- [Supplied data]:
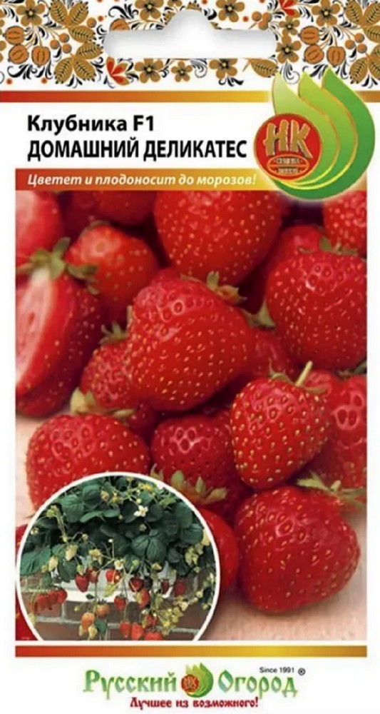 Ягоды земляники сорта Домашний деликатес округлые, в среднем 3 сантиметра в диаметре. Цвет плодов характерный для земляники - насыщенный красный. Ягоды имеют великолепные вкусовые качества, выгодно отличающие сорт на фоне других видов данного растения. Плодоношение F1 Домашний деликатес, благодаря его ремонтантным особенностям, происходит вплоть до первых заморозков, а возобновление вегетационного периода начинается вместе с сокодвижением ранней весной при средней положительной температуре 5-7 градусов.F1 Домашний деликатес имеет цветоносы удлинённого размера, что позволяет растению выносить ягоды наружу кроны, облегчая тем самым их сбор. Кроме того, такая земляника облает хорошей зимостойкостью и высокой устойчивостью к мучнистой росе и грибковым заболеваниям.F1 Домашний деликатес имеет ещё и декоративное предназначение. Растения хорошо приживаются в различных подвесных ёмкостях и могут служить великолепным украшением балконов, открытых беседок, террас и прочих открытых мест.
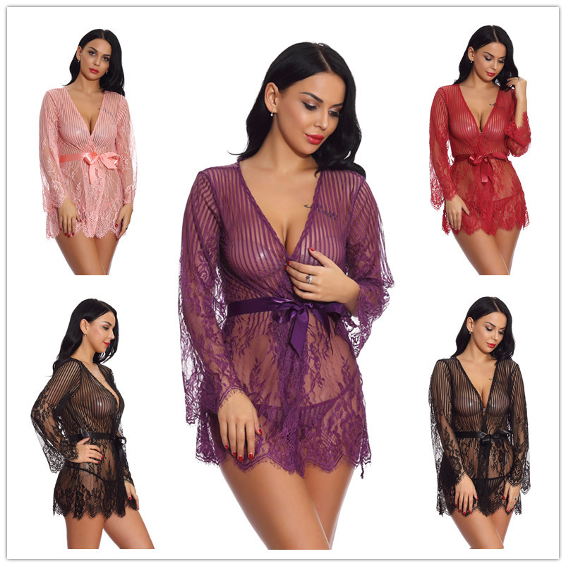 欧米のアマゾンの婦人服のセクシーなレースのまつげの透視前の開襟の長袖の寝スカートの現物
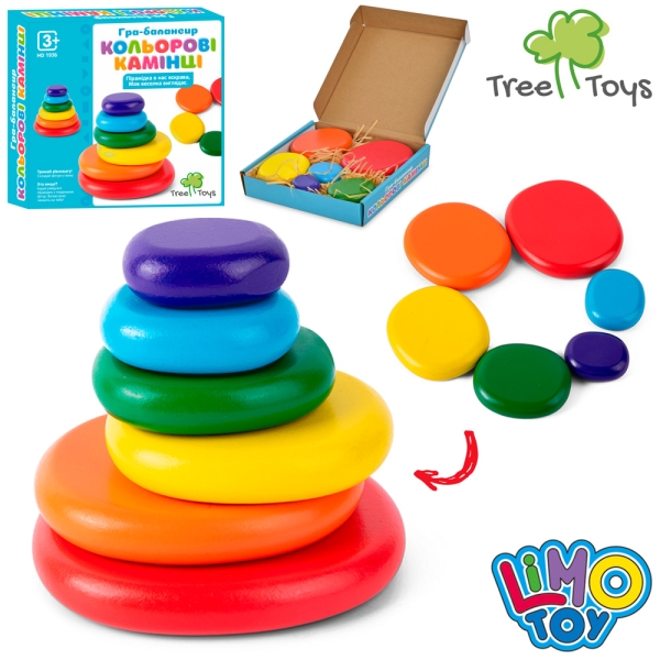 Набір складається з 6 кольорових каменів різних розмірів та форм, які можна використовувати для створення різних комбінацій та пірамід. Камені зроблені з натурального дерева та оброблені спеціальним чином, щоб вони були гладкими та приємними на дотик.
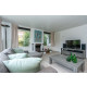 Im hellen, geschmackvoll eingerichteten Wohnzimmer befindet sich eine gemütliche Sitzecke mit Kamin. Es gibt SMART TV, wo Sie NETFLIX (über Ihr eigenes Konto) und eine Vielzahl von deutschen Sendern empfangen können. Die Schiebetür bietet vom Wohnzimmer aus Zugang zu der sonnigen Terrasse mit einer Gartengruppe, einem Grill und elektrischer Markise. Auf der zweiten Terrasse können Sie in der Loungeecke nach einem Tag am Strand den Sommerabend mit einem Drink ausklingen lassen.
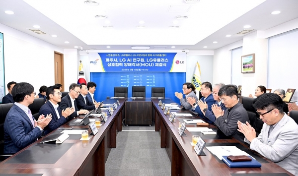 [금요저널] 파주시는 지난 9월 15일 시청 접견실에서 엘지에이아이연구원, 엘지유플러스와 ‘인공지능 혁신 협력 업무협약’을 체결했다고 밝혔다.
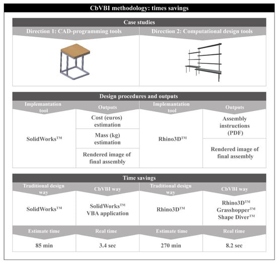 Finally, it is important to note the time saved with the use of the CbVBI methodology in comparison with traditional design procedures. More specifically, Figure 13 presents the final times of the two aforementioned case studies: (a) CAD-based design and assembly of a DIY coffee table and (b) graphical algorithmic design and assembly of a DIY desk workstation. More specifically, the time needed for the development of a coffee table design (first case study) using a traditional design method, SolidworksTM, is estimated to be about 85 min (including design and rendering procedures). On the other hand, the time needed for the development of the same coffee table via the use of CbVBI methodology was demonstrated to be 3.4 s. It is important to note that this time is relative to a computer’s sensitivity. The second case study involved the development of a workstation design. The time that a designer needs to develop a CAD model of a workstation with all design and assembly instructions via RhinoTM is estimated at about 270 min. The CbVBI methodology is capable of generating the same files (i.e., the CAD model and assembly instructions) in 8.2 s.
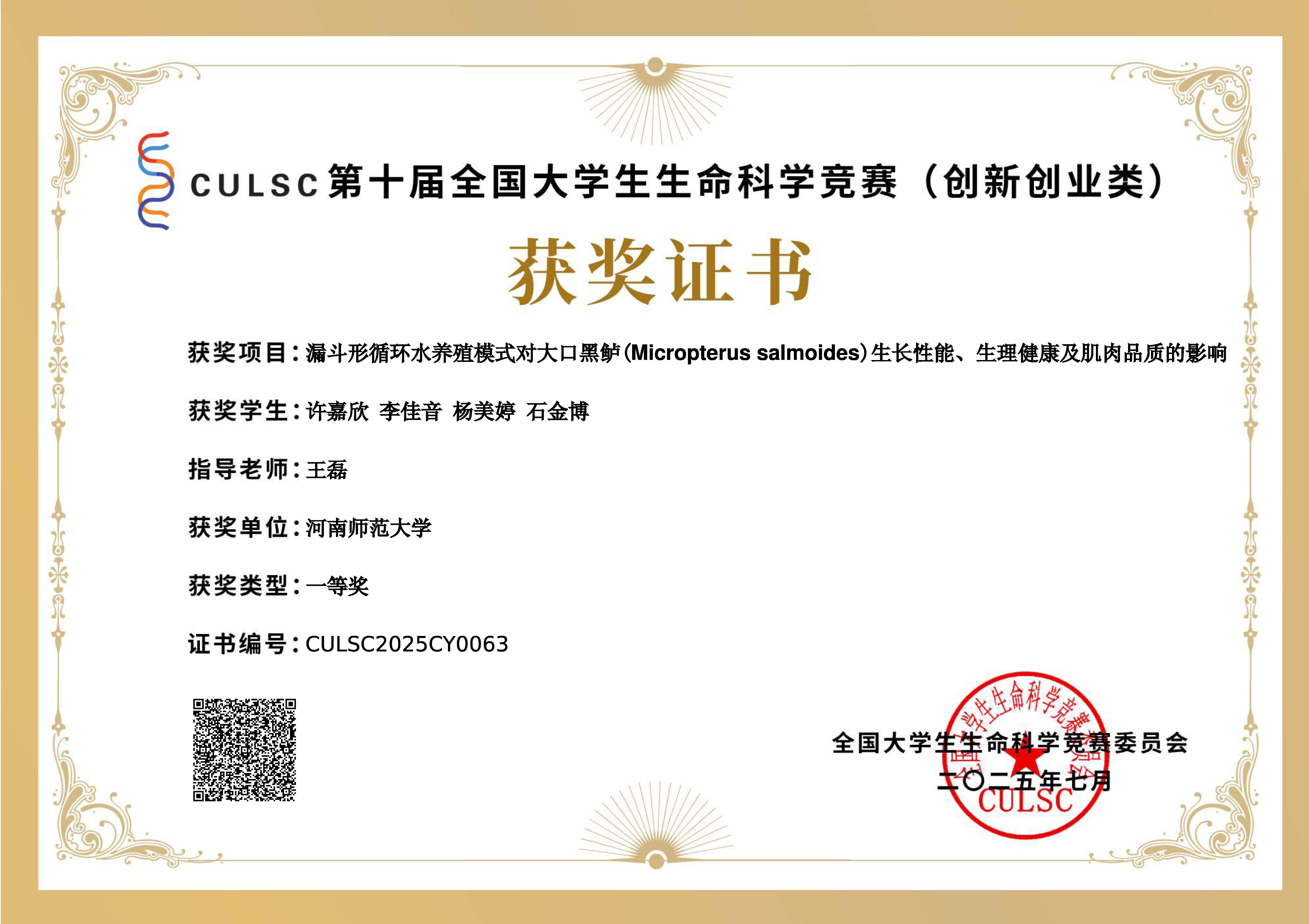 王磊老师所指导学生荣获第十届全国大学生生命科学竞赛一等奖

* * *

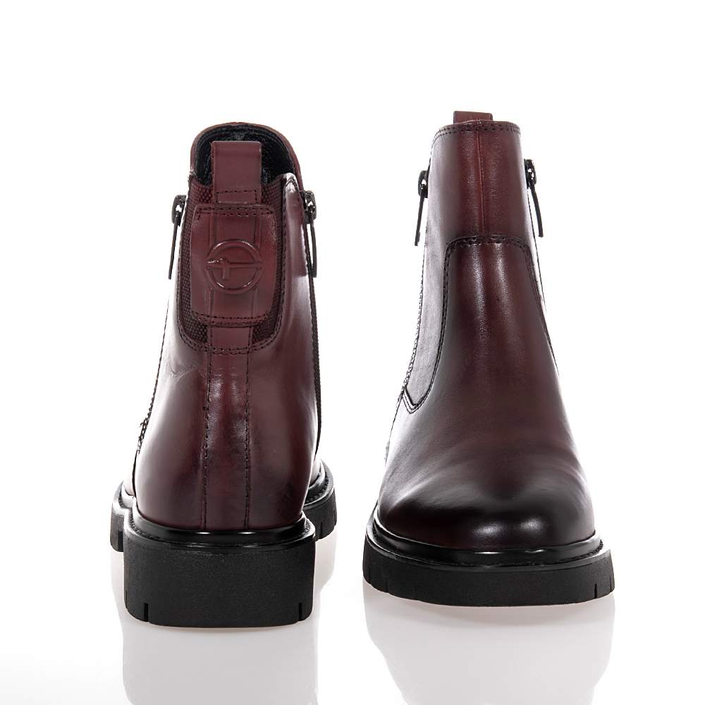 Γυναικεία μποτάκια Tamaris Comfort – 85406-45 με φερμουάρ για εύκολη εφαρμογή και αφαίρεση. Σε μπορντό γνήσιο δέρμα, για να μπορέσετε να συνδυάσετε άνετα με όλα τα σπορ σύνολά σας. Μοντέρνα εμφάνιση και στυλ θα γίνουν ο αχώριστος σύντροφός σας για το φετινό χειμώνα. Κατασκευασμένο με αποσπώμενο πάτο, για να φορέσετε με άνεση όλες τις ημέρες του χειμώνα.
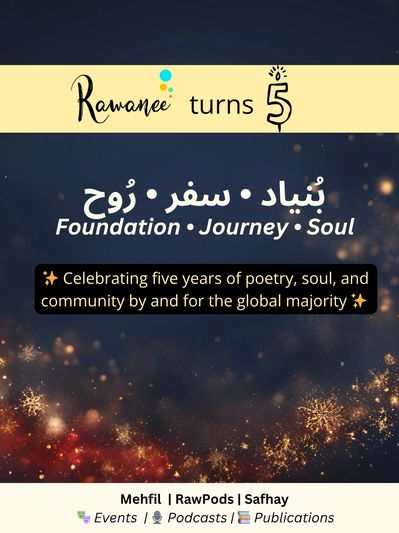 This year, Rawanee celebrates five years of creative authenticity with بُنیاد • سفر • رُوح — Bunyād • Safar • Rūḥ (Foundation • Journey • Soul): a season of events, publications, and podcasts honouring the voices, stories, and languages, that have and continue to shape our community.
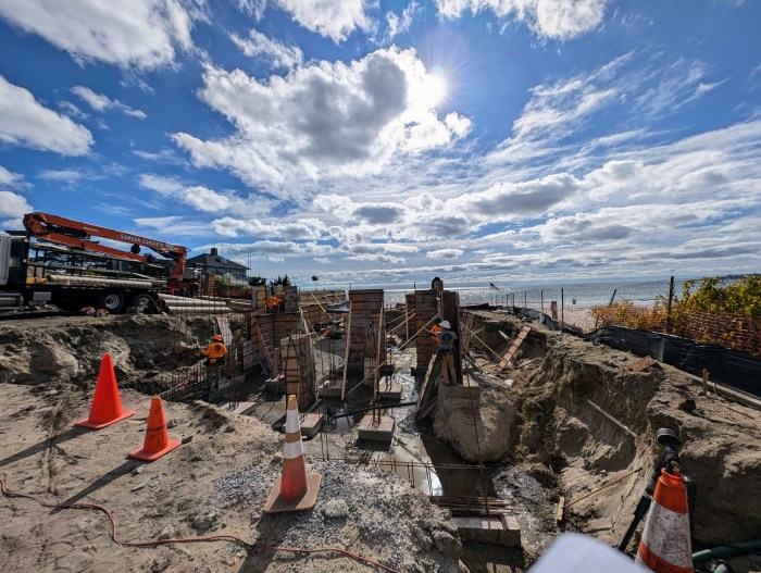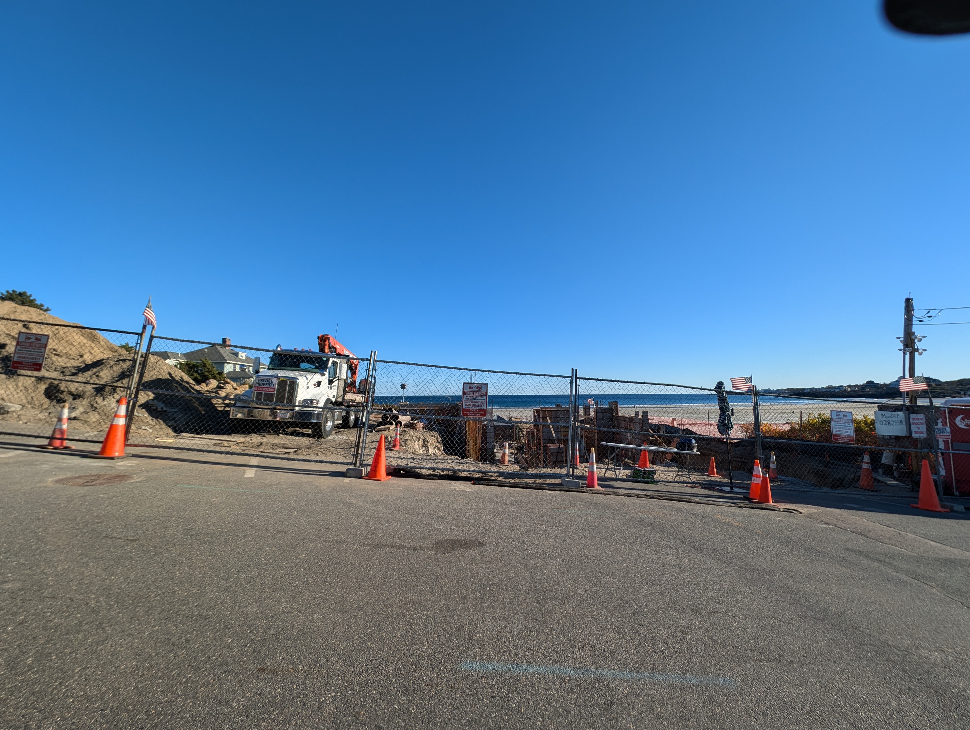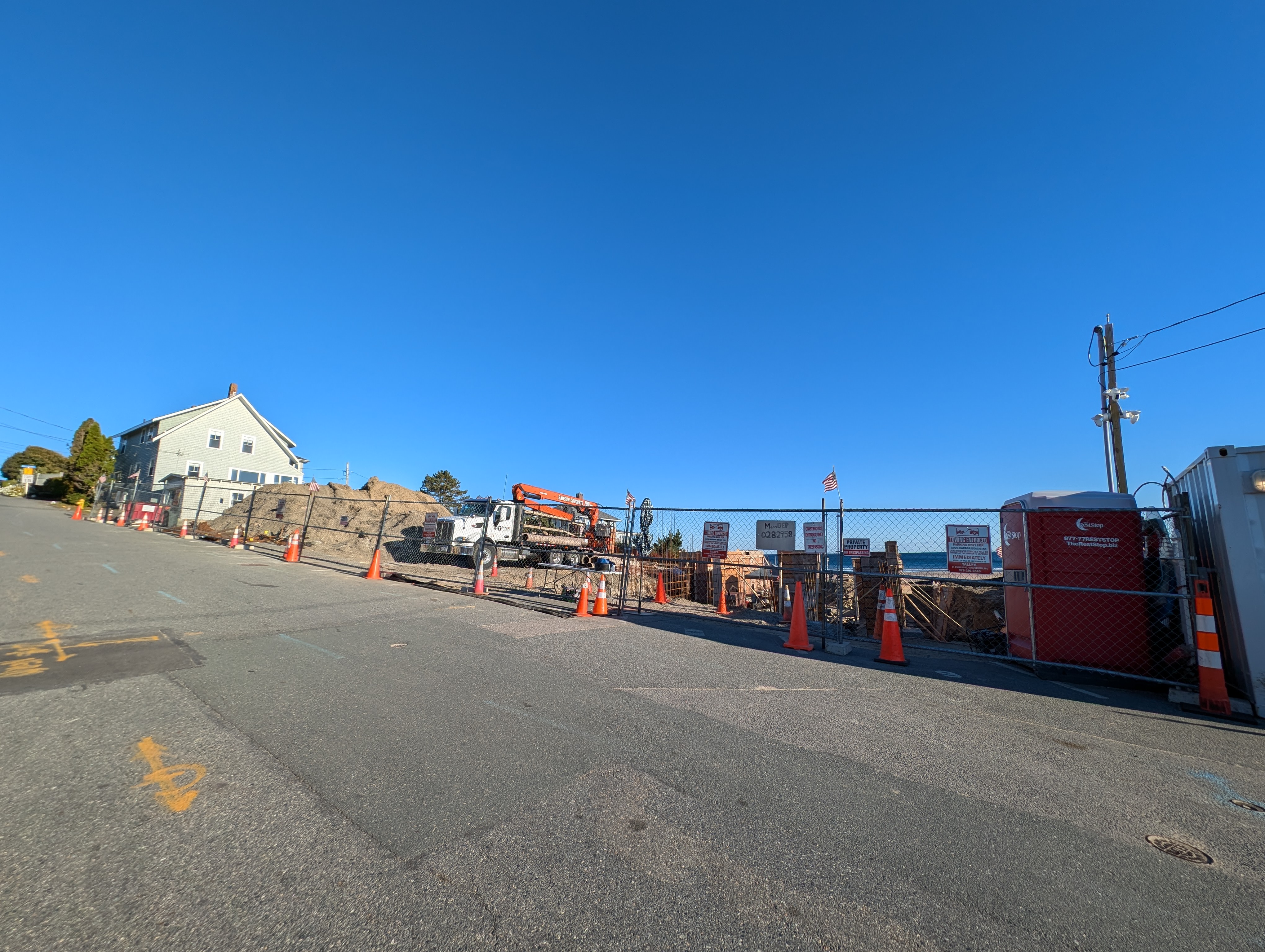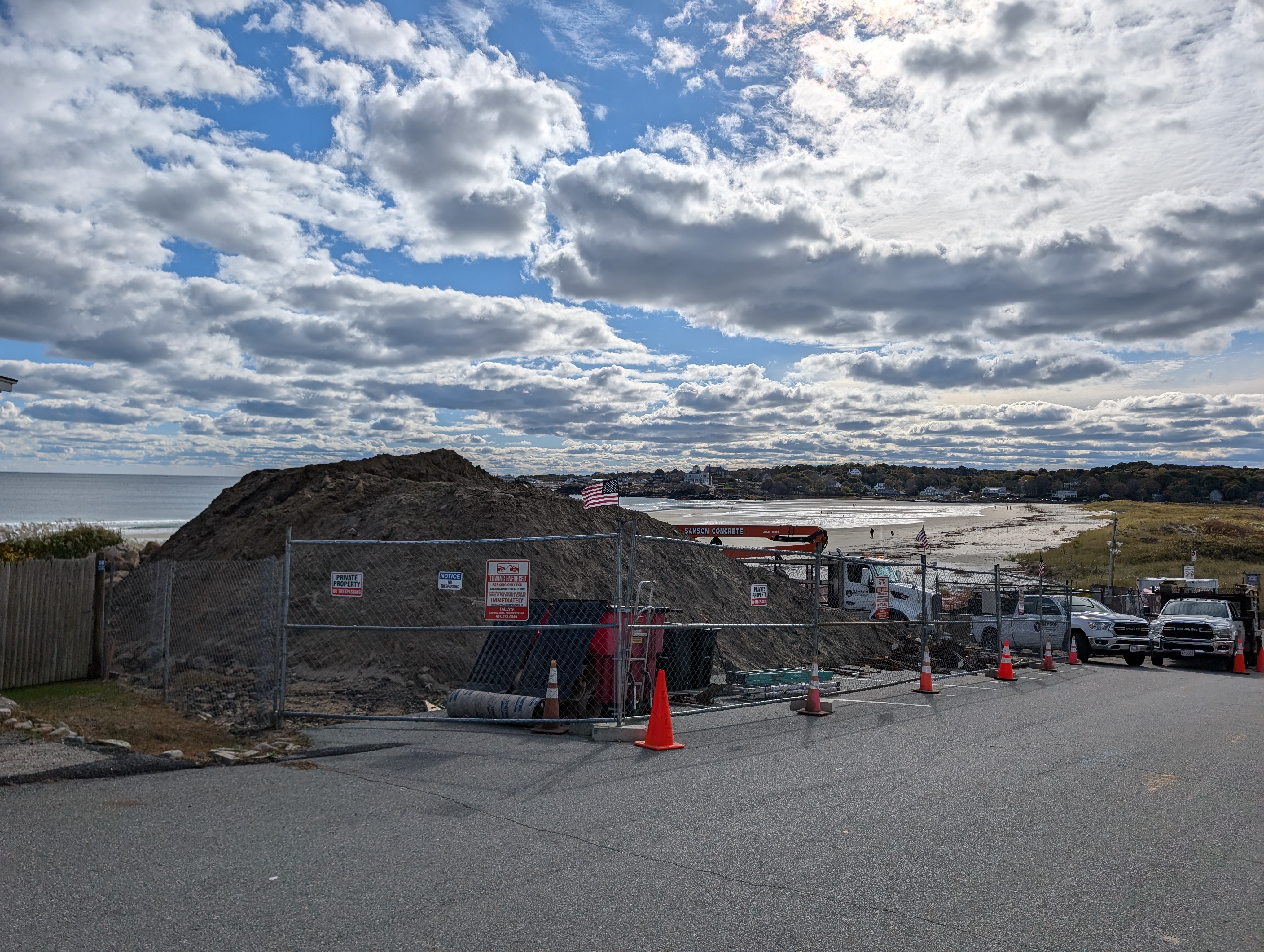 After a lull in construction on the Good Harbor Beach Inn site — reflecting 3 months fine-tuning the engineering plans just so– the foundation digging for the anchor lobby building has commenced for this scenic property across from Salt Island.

---

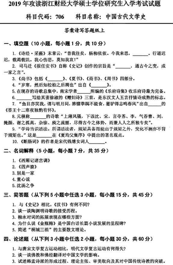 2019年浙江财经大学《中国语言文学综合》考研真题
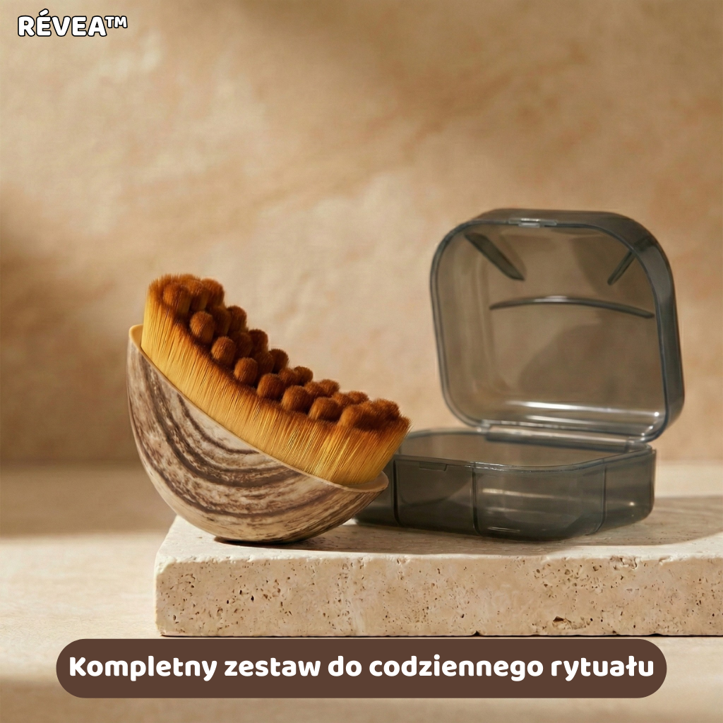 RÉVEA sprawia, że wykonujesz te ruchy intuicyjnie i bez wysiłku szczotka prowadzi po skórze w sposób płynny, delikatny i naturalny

- [Task]:
Please output, exactly as written, the lines above from the one holding "[금요저널] 파주시는 지난" through the one holding "王磊老师所指导学生荣获第十届全国大学生生命科学竞赛一等奖", both included, with the pictures omitted.

- [Written answer]:
 [금요저널] 파주시는 지난 9월 15일 시청 접견실에서 엘지에이아이연구원, 엘지유플러스와 ‘인공지능 혁신 협력 업무협약’을 체결했다고 밝혔다.
 Finally, it is important to note the time saved with the use of the CbVBI methodology in comparison with traditional design procedures. More specifically, Figure 13 presents the final times of the two aforementioned case studies: (a) CAD-based design and assembly of a DIY coffee table and (b) graphical algorithmic design and assembly of a DIY desk workstation. More specifically, the time needed for the development of a coffee table design (first case study) using a traditional design method, SolidworksTM, is estimated to be about 85 min (including design and rendering procedures). On the other hand, the time needed for the development of the same coffee table via the use of CbVBI methodology was demonstrated to be 3.4 s. It is important to note that this time is relative to a computer’s sensitivity. The second case study involved the development of a workstation design. The time that a designer needs to develop a CAD model of a workstation with all design and assembly instructions via RhinoTM is estimated at about 270 min. The CbVBI methodology is capable of generating the same files (i.e., the CAD model and assembly instructions) in 8.2 s.
 王磊老师所指导学生荣获第十届全国大学生生命科学竞赛一等奖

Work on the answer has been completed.